◆ Supplied information
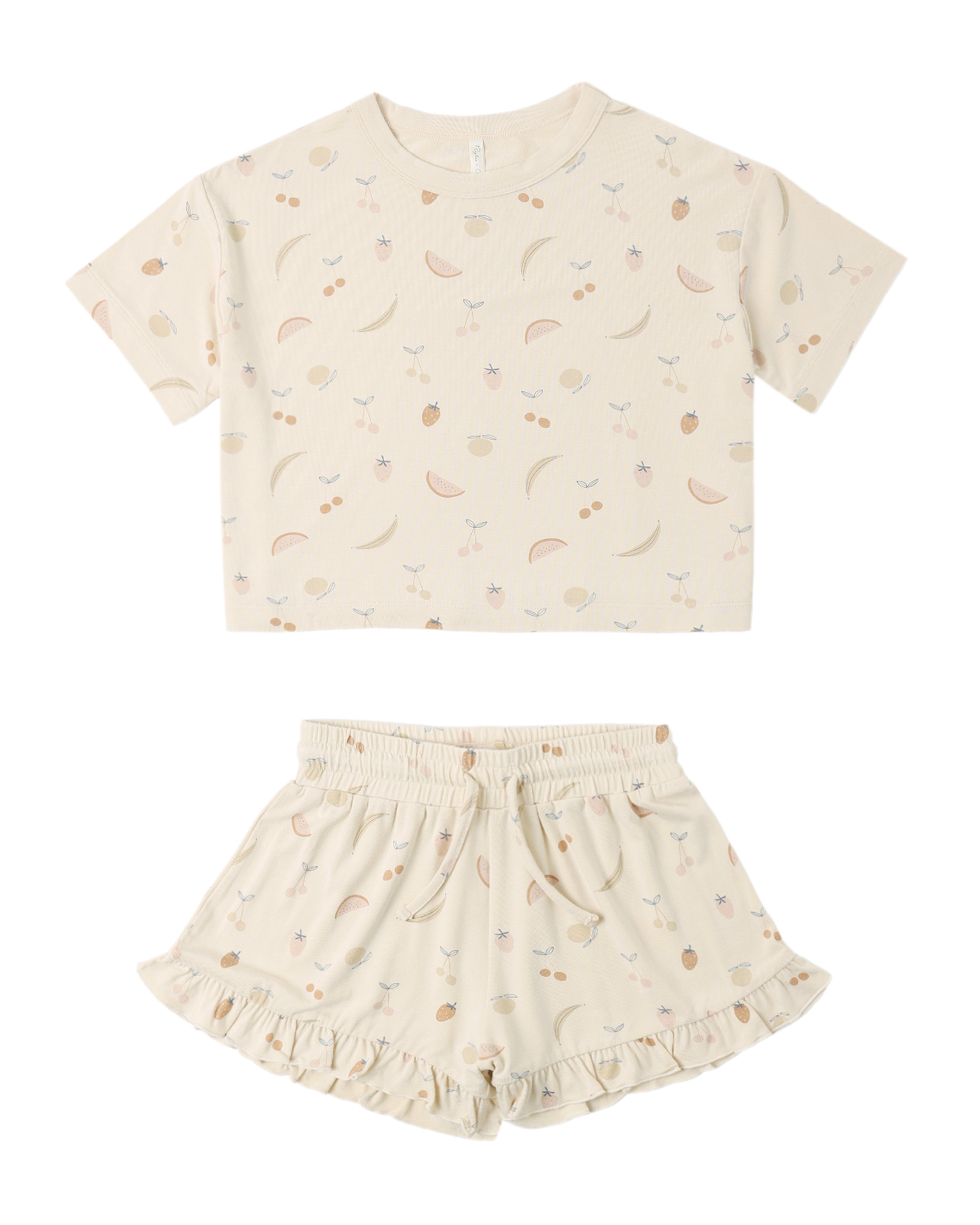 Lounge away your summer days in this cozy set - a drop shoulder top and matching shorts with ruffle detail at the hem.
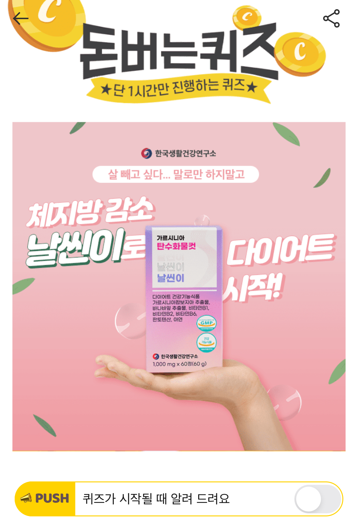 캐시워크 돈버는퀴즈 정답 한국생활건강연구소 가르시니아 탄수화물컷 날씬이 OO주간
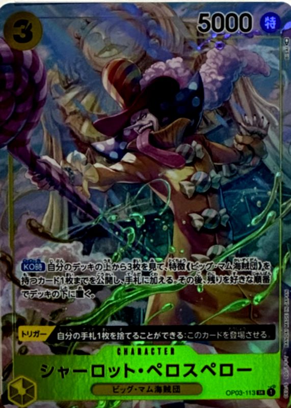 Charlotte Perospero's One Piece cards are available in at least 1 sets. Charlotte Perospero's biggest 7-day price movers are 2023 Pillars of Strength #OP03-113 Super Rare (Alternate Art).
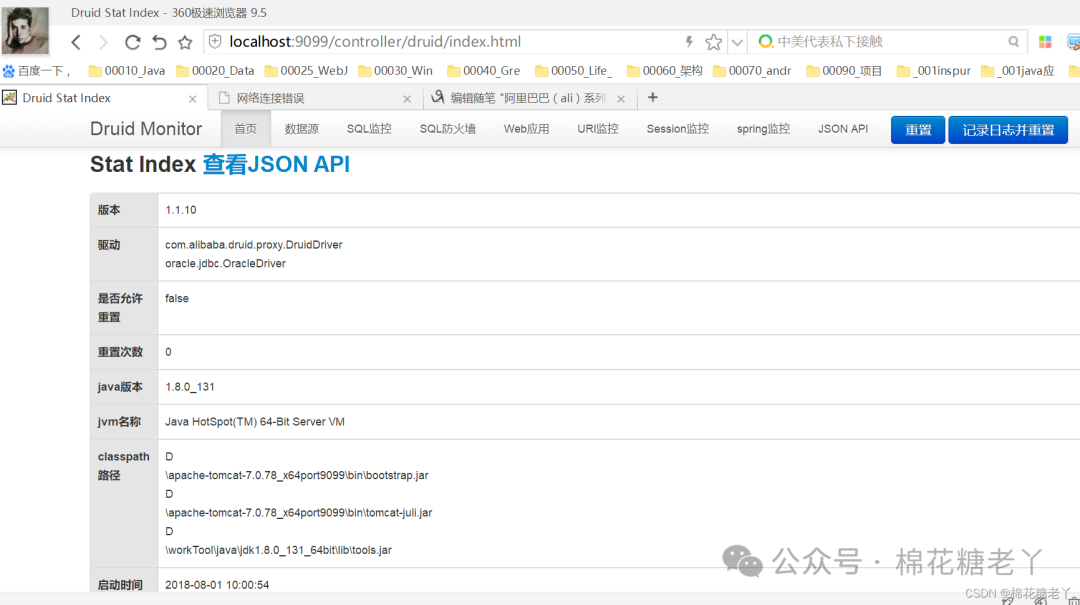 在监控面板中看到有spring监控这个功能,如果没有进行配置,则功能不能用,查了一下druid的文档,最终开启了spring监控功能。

◆ Exercise brief
Each line of the data needs to be output exactly, with any image excluded.

◆ Task answer
 Lounge away your summer days in this cozy set - a drop shoulder top and matching shorts with ruffle detail at the hem.
 캐시워크 돈버는퀴즈 정답 한국생활건강연구소 가르시니아 탄수화물컷 날씬이 OO주간
 Charlotte Perospero's One Piece cards are available in at least 1 sets. Charlotte Perospero's biggest 7-day price movers are 2023 Pillars of Strength #OP03-113 Super Rare (Alternate Art).
 在监控面板中看到有spring监控这个功能,如果没有进行配置,则功能不能用,查了一下druid的文档,最终开启了spring监控功能。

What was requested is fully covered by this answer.